How To Prove It - Chapter 3 - 3.2

Proofs involving negations and conditionals

1.
(a) Givens
P → Q - i
Q → R - ii

Goals
P → R

Suppose P. Then from (i), Q.
Since Q, from (ii), we have R.
Hence if P then R. P → R

(b)Given
¬R → (P → ¬Q)

Goal
P → (Q → R)

Suppose P.
From the given,
¬R → (P → ¬Q)
suppose ¬R.
Then,
(P → ¬Q)
Since we know P, we also know now that ¬Q.
Hence, ¬R led to ¬Q.
or,
¬R → ¬Q
or
Q → R
Hence,
P led to Q → R,
or,
P → (Q → R)

2.
(a)
Givens
P → Q
R → ¬Q

Goal
P → ¬R

Revised givens
P → Q
R → ¬Q
P
Q (because of the first given)

Revised goal
¬R

From the givens using modus tollens
Q→ ¬R

Since we already have Q as a given, we can conclude ¬R.

(b)
Givens
P

Goals
Q → ¬(Q → ¬P)
can be written as
(Q → ¬P) → ¬ Q

Revised Givens
P
Q → ¬P or written as
P → ¬Q

Revised goals
¬Q

From the revised givens we know P.
One of the givens also implies that ¬Q, which is the desired goal.

3.
Givens
A ⊆ C
x ∈ A
x ∈ C → x ∉ B

Goal
x ∉ B

From the givens,
Since x ∈ A and A ⊆ C, then x ∈ C also.
From the third given, this implies x ∉ B which is the desired conclusion.

x ∉ B

4.

Givens
x ∈ A
x ∈ C → x ∉ A \ B

Goal
If x ∈ C then x ∈ B

Revised givens
x ∈ A
x ∈ C → x ∉ A \ B
x ∈ C

Revised goal
x ∈ B

From the 2nd and 3rd givens, we can conclude x ∉ A \ B
or,
¬(x ∈ A ∧ x ∉ B)
From the given we know x ∈ A, hence the truth value of the expression becomes
¬(x ∉ B)
or,
x ∈ B, which is the desired goal.

7.

Givens
y + x = 2y − x
or,
y = 2x
x and y are not both 0

Goal
y is not 0

Revised givens
y = 2x
x and y are not both 0
x = 0

Hence, y cannot be 0

8.

Givens
a, b are non zero real numbers
a < 1/a < b < 1/b

Goal
a < -1

Revised givens
a, b are non zero real
a < 1/a
or a² < 1
or a < +1 or -1

b < 1/b
or
or b² < 1
or b < +1 or -1

1/a < 1/b
or a > b
But, it's already given a > b.
Hence, 1/a < 1/b is possible only when a and b are both < 0

Revised givens
a and b are non zero real
a < 1/a < 1/b < b
a and b are both < 0
a, b < + 1 or < -1

Since a and b are < 0, hence they have to be < -1 (and not just < 1)
Hence b < -1

9.

Givens
x and y are real
x * x = 2x + y
y ≠ 0

Goal
x ≠ 0

Revised givens, assuming contradiction that x = 0
x and y are real
x * x * y = 2x + y
y ≠ 0
x = 0

Goal
Contradiction

From the givens now,
0 = 0 + y
or y = 0
This is a contradiction to one of the givens.
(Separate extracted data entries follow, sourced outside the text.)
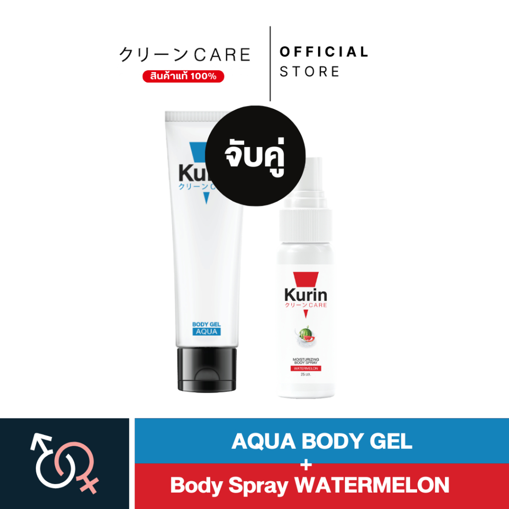 KURIN CARE AQUA BODY GEL เจลหล่อลื่น สูตรน้ำ ขนาด 100 ml และ BODY SPRAY WATERMELON สเปรย์ฉีดบำรุงผิวกาย ขนาด 25 ml.
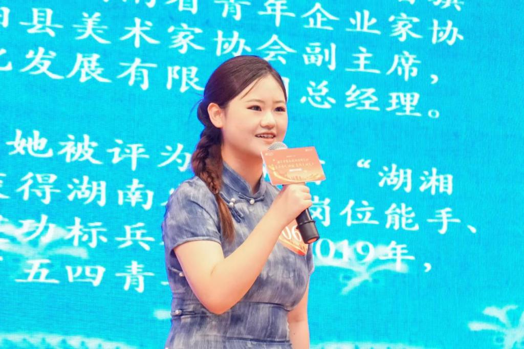 决赛现场,郭妍以“铜刀点蜡”工艺开篇,讲述苗家蓝草与汉家黄豆共生共荣的种植故事;又引入苗族姑娘在扶贫基地学艺脱贫的真实案例,用“200户整体脱贫”的翔实数据,印证民族团结的实践成果。她时而娓娓道来讲非遗传承,时而慷慨激昂阐释共同体理念,辅以蓝印花布实物展示,最终赢得评委“内容扎实、感染力强”的高度评价。
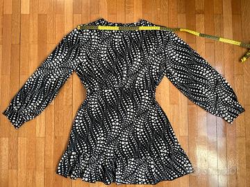 VESTITO BLU ROYAL, COLORE NERO CON BOLLE BIANCHE, SUL CARTELLINO TAGLIA UNICA MA CORRISPONDE AD UNA S (MISURE IN FOTO), TESSUTO LEGGERO, USATO POCO, IN BUONE CONDIZIONI, PRESENTA IMPERFEZIONI COME DA FOTO
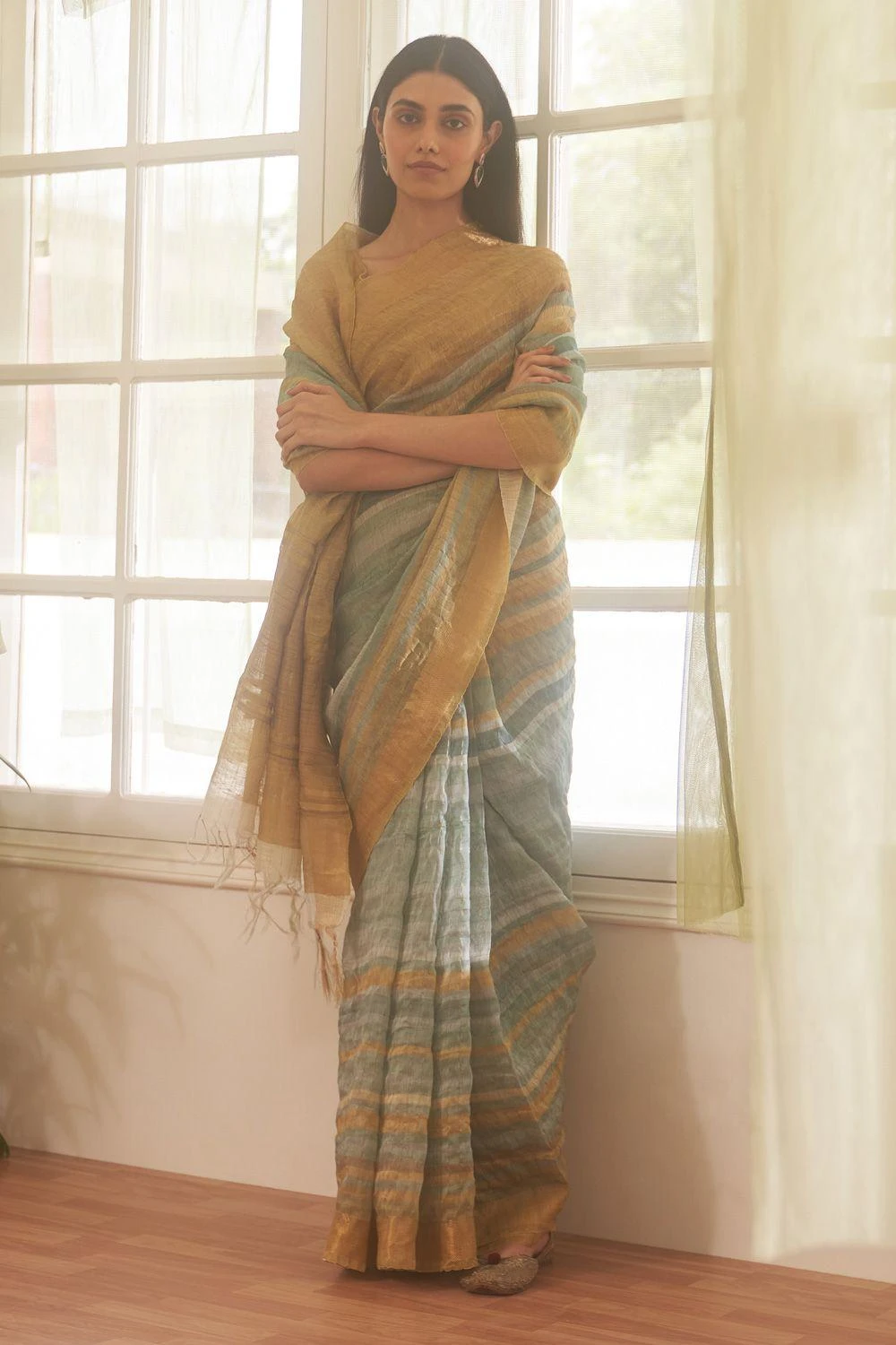 Step into opulence with this sari adorned with stripes & gold zari checks woven seamlessly. It is accompanied by an unstitched blouse fabric, perfectly woven with the sari, creating an ensemble that exudes sophistication and contemporary charm.
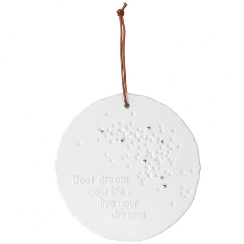 Εμπνευστείτε καθημερινά με το Κρεμαστό Διακοσμητικό Don't Dream Your Life RD0017858. Κατασκευασμένο από πορσελάνη με ματ φινίρισμα και ανάγλυφο σχέδιο, φέρει το μήνυμα "Don't dream your life, live your dreams", προσθέτοντας θετική ενέργεια και αισιοδοξία στον χώρο σας. Ιδανικό για τοίχους σαλονιού, υπνοδωματίου ή γραφείου, λειτουργεί ως όμορφο και εντυπωσιακό διακοσμητικό στοιχείο που εμπνέει καθημερινά.

Hence, the assumption that x = 0 is false.
Or x ≠ 0

10.

Givens
x and y are real
x ≠ 0
y = (3x² +2y) / (x² + 2)

Goal
y = 3

Revised givens
x²y + 2y = 3x² +2y
or
x² (y - 3) = 0

Since x is not 0, y - 3 has to be = 0

or y = 3, which is the desired goal.

11.

(a) "x = 3 and y = 8" is incorrect, as x and y may be any other real numbers too.
(b) x = 2, y = 8